• _INPUT MATERIAL_

-*-*-

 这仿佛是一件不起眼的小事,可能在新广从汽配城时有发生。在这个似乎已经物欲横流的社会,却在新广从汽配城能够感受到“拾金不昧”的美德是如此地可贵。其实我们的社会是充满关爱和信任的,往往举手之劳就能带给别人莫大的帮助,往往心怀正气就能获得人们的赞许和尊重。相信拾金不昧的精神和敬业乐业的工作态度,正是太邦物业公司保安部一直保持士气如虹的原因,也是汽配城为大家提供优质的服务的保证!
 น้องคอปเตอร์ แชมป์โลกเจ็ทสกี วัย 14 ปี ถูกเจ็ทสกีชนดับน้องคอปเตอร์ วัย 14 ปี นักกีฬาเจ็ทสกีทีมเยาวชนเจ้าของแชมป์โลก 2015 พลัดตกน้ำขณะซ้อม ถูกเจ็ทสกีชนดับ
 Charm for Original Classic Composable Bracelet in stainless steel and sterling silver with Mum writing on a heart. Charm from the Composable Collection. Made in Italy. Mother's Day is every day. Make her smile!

-*-*-

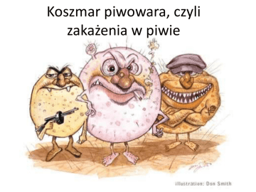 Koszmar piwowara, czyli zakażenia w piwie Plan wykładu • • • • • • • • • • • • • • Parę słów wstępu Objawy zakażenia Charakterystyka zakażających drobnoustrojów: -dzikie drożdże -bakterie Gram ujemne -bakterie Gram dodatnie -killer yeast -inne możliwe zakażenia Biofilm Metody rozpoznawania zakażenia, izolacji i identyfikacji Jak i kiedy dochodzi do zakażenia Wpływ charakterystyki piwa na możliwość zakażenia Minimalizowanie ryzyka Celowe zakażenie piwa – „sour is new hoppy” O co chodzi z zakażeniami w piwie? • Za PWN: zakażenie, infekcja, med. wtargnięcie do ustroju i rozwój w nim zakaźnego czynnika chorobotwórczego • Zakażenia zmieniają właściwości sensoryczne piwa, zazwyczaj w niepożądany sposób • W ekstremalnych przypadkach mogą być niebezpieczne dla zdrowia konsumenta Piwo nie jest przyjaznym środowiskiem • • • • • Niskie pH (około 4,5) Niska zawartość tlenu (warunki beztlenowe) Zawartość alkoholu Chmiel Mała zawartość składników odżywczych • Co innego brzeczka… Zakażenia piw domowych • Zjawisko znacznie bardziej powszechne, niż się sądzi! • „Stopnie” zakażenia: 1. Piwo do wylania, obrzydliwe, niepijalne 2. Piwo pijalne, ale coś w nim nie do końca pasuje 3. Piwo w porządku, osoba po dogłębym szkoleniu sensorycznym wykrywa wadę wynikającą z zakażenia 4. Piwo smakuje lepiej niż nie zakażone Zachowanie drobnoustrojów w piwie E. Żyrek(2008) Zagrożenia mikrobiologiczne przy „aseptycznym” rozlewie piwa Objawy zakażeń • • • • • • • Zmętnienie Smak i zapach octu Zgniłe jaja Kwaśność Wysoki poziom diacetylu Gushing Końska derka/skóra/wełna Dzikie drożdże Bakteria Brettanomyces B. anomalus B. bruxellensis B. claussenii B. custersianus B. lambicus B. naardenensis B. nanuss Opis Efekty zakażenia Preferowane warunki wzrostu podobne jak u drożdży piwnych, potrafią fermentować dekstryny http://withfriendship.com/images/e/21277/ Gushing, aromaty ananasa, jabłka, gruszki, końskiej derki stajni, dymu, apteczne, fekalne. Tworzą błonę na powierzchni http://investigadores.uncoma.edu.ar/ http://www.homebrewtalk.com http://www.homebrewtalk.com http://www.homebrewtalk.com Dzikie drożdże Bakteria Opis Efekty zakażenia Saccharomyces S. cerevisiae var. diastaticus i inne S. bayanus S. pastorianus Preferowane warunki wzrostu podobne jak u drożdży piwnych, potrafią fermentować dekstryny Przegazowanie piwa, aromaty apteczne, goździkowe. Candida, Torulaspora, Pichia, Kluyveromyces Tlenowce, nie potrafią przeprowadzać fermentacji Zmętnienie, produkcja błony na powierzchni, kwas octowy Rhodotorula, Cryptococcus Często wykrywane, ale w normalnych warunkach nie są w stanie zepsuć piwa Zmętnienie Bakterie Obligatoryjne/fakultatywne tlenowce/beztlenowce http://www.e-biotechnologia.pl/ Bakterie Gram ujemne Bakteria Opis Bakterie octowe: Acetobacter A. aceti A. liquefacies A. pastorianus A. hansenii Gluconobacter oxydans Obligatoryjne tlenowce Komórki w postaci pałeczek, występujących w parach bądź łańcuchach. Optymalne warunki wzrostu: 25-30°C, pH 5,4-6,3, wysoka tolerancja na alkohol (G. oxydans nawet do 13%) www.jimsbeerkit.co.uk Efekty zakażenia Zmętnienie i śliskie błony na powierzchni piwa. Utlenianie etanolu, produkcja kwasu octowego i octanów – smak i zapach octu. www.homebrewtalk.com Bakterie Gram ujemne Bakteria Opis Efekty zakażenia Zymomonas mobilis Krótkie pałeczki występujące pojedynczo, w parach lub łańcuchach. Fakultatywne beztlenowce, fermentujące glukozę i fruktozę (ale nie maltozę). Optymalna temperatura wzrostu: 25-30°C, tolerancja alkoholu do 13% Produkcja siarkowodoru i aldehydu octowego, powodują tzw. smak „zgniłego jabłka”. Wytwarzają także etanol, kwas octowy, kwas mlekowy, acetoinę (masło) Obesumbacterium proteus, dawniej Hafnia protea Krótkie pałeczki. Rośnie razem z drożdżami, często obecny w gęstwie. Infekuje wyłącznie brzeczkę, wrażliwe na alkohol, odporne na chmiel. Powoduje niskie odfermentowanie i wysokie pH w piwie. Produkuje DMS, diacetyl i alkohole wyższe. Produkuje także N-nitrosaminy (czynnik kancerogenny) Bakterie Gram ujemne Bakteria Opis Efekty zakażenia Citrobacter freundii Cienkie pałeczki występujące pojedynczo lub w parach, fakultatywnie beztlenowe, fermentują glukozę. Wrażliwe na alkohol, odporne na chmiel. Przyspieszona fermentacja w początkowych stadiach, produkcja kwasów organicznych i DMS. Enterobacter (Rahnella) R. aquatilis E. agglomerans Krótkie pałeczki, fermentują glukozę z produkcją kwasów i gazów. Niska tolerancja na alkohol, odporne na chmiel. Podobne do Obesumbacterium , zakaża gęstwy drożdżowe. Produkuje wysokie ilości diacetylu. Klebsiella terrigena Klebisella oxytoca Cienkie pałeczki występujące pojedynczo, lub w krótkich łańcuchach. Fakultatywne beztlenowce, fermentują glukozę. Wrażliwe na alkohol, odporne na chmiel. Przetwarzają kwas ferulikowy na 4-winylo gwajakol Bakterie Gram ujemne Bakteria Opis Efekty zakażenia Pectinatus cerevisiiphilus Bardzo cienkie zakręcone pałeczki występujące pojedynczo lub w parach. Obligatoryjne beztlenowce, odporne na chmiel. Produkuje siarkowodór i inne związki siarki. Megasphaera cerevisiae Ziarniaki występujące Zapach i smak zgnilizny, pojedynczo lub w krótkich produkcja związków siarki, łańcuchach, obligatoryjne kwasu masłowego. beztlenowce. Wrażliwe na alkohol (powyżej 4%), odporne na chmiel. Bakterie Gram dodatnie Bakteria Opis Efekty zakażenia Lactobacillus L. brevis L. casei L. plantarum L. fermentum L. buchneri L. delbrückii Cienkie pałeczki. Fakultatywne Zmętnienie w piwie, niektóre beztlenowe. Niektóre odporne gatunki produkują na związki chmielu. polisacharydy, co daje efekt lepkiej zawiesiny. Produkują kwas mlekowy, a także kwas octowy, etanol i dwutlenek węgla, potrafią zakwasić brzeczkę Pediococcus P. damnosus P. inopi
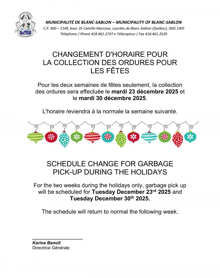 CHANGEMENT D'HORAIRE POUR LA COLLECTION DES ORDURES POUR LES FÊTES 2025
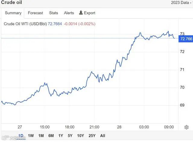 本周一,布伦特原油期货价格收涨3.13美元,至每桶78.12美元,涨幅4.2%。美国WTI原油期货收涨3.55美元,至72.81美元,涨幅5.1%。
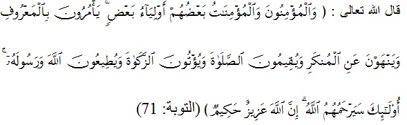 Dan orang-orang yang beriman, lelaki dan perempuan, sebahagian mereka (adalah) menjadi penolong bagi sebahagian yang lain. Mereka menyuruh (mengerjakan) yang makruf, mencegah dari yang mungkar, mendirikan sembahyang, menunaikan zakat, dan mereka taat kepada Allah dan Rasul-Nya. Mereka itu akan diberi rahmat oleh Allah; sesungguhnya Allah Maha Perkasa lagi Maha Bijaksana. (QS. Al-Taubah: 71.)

-*-*-

• _TASK OBJECTIVE_
Within the data above, the lines from the one with "这仿佛是一件不起眼的小事,可" to the one with "Charm for Original" must be repeated exactly; no other line belongs in the answer.

• _OUTPUT FOR THIS EXERCISE_
 这仿佛是一件不起眼的小事,可能在新广从汽配城时有发生。在这个似乎已经物欲横流的社会,却在新广从汽配城能够感受到“拾金不昧”的美德是如此地可贵。其实我们的社会是充满关爱和信任的,往往举手之劳就能带给别人莫大的帮助,往往心怀正气就能获得人们的赞许和尊重。相信拾金不昧的精神和敬业乐业的工作态度,正是太邦物业公司保安部一直保持士气如虹的原因,也是汽配城为大家提供优质的服务的保证!
 น้องคอปเตอร์ แชมป์โลกเจ็ทสกี วัย 14 ปี ถูกเจ็ทสกีชนดับน้องคอปเตอร์ วัย 14 ปี นักกีฬาเจ็ทสกีทีมเยาวชนเจ้าของแชมป์โลก 2015 พลัดตกน้ำขณะซ้อม ถูกเจ็ทสกีชนดับ
 Charm for Original Classic Composable Bracelet in stainless steel and sterling silver with Mum writing on a heart. Charm from the Composable Collection. Made in Italy. Mother's Day is every day. Make her smile!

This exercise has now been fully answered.